Thursday, February 9, 2023

A Republic No More?

 

 A Republic No More?

Published in Marietta Daily Journal (GA), Jan. 7, 2023

            At least three or four friends have asked why this column space gives more attention to national issues than to local and state issues. Theirs is a good question. The assumption behind it, however, is a bit faulty. If I’m judging their question correctly, it assumes that local issues affect our lives as deeply as do the national issues.

            That assumption would be tenable if our nation were still a true federal system and the Tenth Amendment were still heeded, but neither is the case. Every year America drifts – yea, gallops – further away from republicanism (small “r”), and closer to statism or nationalism, that is, to a strong, overarching centralist system of government. Our founders and the ragtag army of farmers and laborers they inspired to fight for freedom from the world’s mightiest empire must be stirring in their graves.

Ironically, those who oppose our lurch from federalism to nationalism are often called “nationalists” even though they are trying to uphold the constitutional federal system of “a more perfect union” of individual states. Show your patriotism these days, get excited on July 4, wave Old Glory, defend the military, or contend for borders and you’re a “nationalist,” probably even a Nazi or a Fascist. But no, if words and terms mean anything, the nation’s Leftists are the “nationalists.” In other words, they are the ones who decry localism/republicanism and push socialistic measures that destroy it.

To what measures do I refer? Every measure that President Biden has put forth or made law since the day of his inauguration. Consider the $1.7 trillion Omnibus Bill passed recently by Congress and signed by Mr. Biden. How many members of Congress do you suspect read the 4,155-page bill during the 4-day period between its introduction and the vote? We call it a bill, but it’s actually thousands of bills packaged together, consequently the tag “Omnibus.” The package is filled with hundreds of references and cross-references to previous laws that would drive even an English professor crazy.

 Surprisingly, CNN’s Jonathan Wolf said, “Nobody really knows what’s in it.” Among provisions that have nothing to do with funding the government, we find one that gives $11 million to “LGBQT Projects” at San Diego Community College. Some of the pork in the bill evokes laughter: a provision for a chauffeur for the IRS Commissioner.  As the New York Post put it, “What’s another $1.7 trillion when you’ve taken the national debt to $31.4 trillion?”

Don’t think that Republicans didn’t contribute to this yearly year-end shenanigan. Retiring Alabama Sen. Richard Shelby got his Democrat buddies to inject $656 million including $35 million for a small Alabama college and $100 million for a bridge. Retiring ultra-conservative Senator Jim Inhofe of Oklahoma also leaves D.C. this week with half a billion that includes $40 million for a Tulsa airport.

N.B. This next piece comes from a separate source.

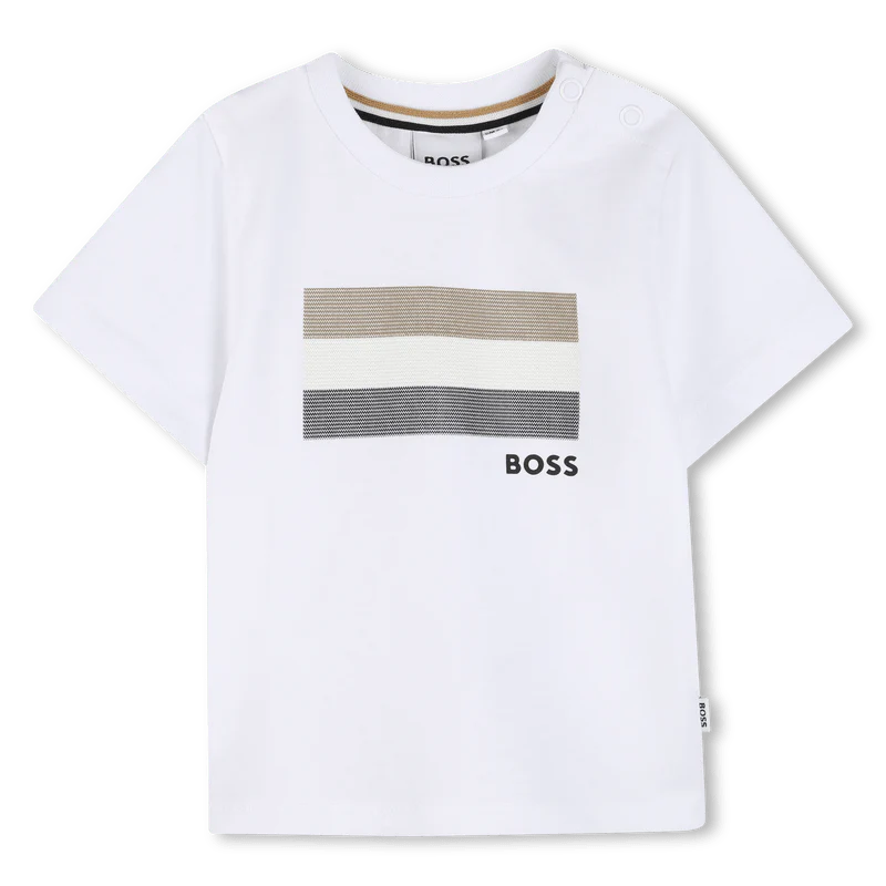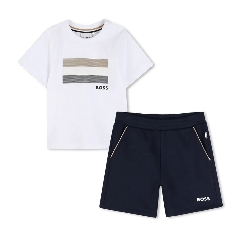 Recensisci per primo “COMPLETO T-SHIRT BIANCA + BERMUDA BLU CON LOGO BOSS”

Sen. Tom Cotton of Arkansas isn’t retiring but he voted for the bill. Tom Cotton?? 

Local taxes, public schools, roads, law enforcement, infrastructure and such are very important, even necessary for citizens to prosper and for local communities to be functional. But the actions of Congress are more far-reaching and have more potential for curtailing liberty. Judiciary power that imbalances the other two branches of government, attempts to pack the Supreme Court, efforts to do away with the Electoral College, and crazy laws that re-define male and female are all far weightier than the practical services provided by local governments. Because of proximity, city, county, and state governments are more easily held accountable than are our U.S. Representatives and Senators. Most citizens are simply too busy to know what’s happening to them via the actions of Congress. This must change if centralism is to be abated and republicanism is to be restored, else Professor Victor Davis Hanson’s concept of “the dying citizen” will continue to move closer and closer to reality.

The excesses of the Department of Justice and the FBI (seizing and arresting prominent citizens in the dead of night; hiring 87,000 more FBI agents), the proposal of student loan debt forgiveness (a vote-getter if there ever was one), and talk of reparations (how much will Oprah get?), are all reasons to ponder how we ever strayed from limited government to governmental largess and tyranny.

The whole business indicates how fast we are moving from Topeka to D.C., from Main Street to Wall Street, and from good ole frugality to outrageous, flagrant spending. And it’s all because we now view our national government as our sugar daddy. That’s not a republic form of government. It’s a damnable welfare state, the likes of which Home Depot co-founder Bernie Marcus says is the cause of our “increasingly lazy and fat labor force.”